I was hooked; but it wasn’t until I got to Kashan on a subsequent trip that I found the ultimate bastani—the Iranian name for the ice cream—in a tiny shop across the street from the beautiful hotel we were staying in. It belonged to the most charmingly hospitable couple and their daughter; and their ice cream was even stretchier and chewier than the one in tajrish market, but with a softer feel, and an even more intense saffron flavour and colour. Absolutely perfect! I went there every evening and sat on a stool perched on a perilous borderless ledge, sitting at least two metres above the main road. One false move and I would have tumbled down. Still, sitting around chatting to both the owners and passers-by while letting their luxurious ice cream slowly melt in my mouth was simply delightful.

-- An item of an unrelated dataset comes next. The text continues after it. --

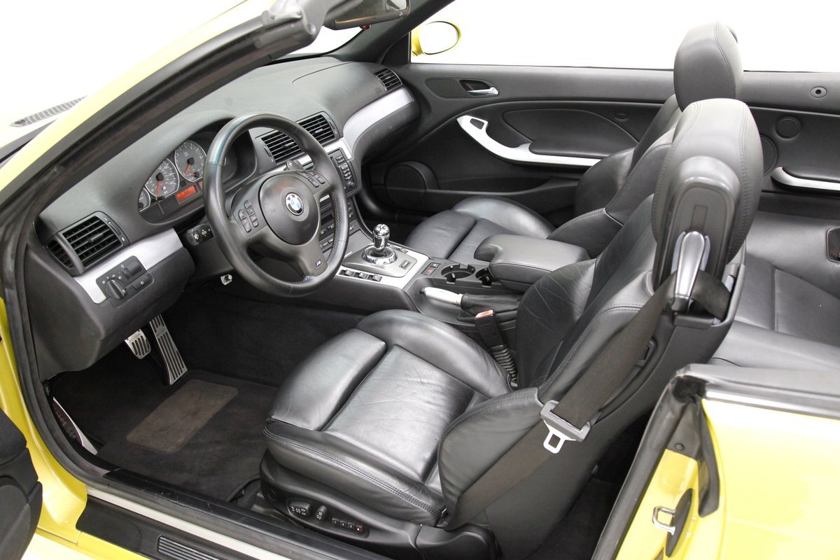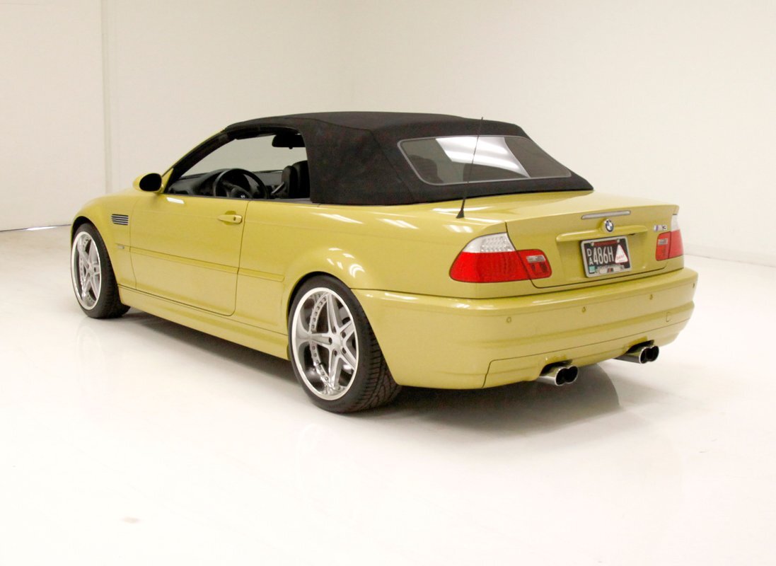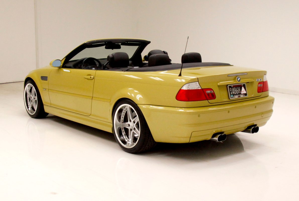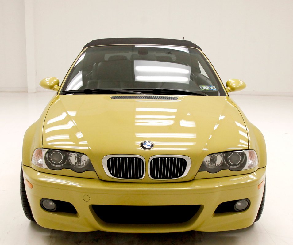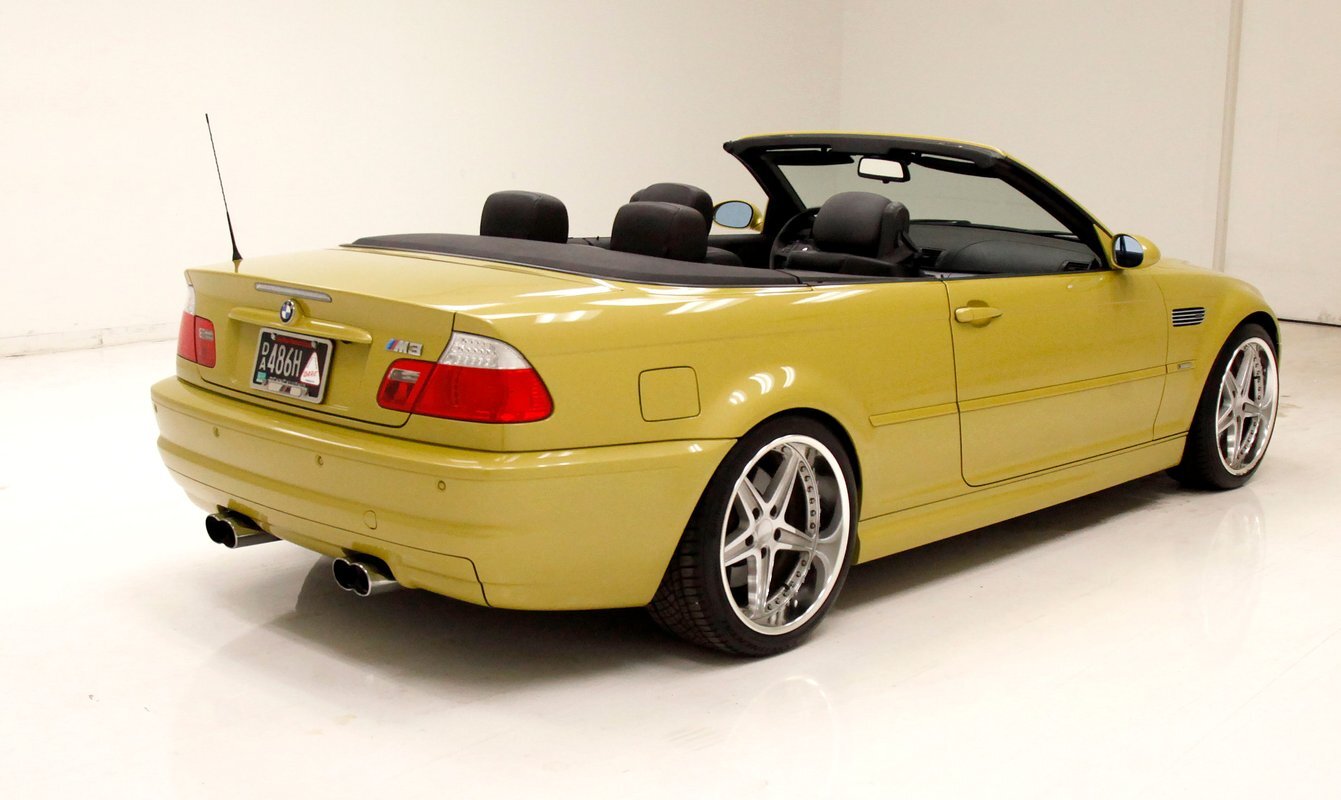 For consignment, a 2004 BMW M3 convertible. It is shown in a somewhat rare Phoenix Yellow, black canvas top, and black leather interior. 19 inch G Craft Superstar wheels add to the "look" and there are just a few minor faults on the body, which remains in overall excellent condition.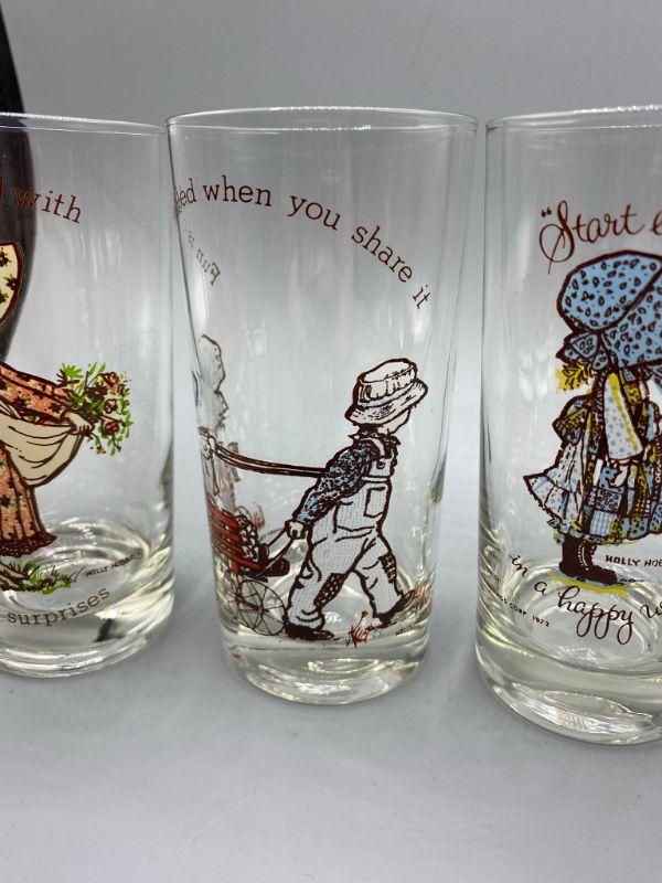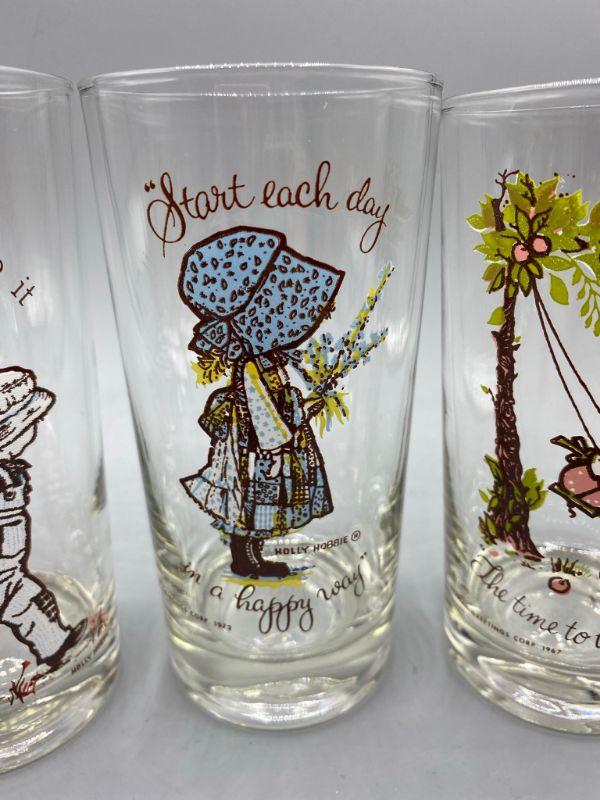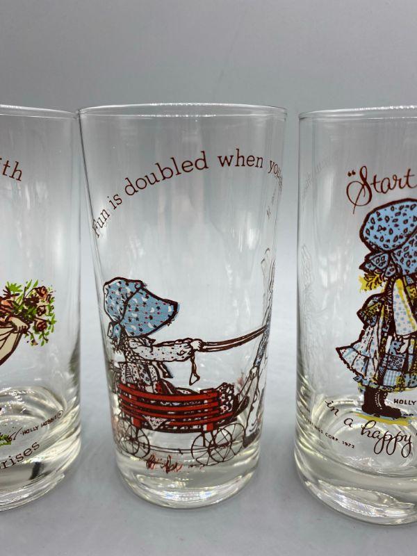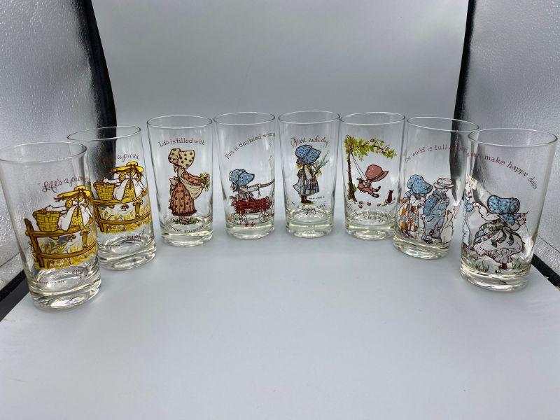 Set of 8 vintage Holly Hobbie drink glasses. 7 different designs, one is a duplicate. Great condition, little to no signs of use and wear. Stand about 5.5". There is dates on the glasses, late 60s into the 70s but actual release date is unknown.

Since then, I have taken to making my own in Sicily, where I spend most of my time, using Iranian, Kashmiri or Sicilian saffron, depending on my mood, ground and infused in rose water. And every time I make a batch, I am transported back to that perilous ledge outside my favourite saffron ice cream shop in Kashan, and the lovely sound of Iranians chatting away softly while enjoying that sumptuous treat.”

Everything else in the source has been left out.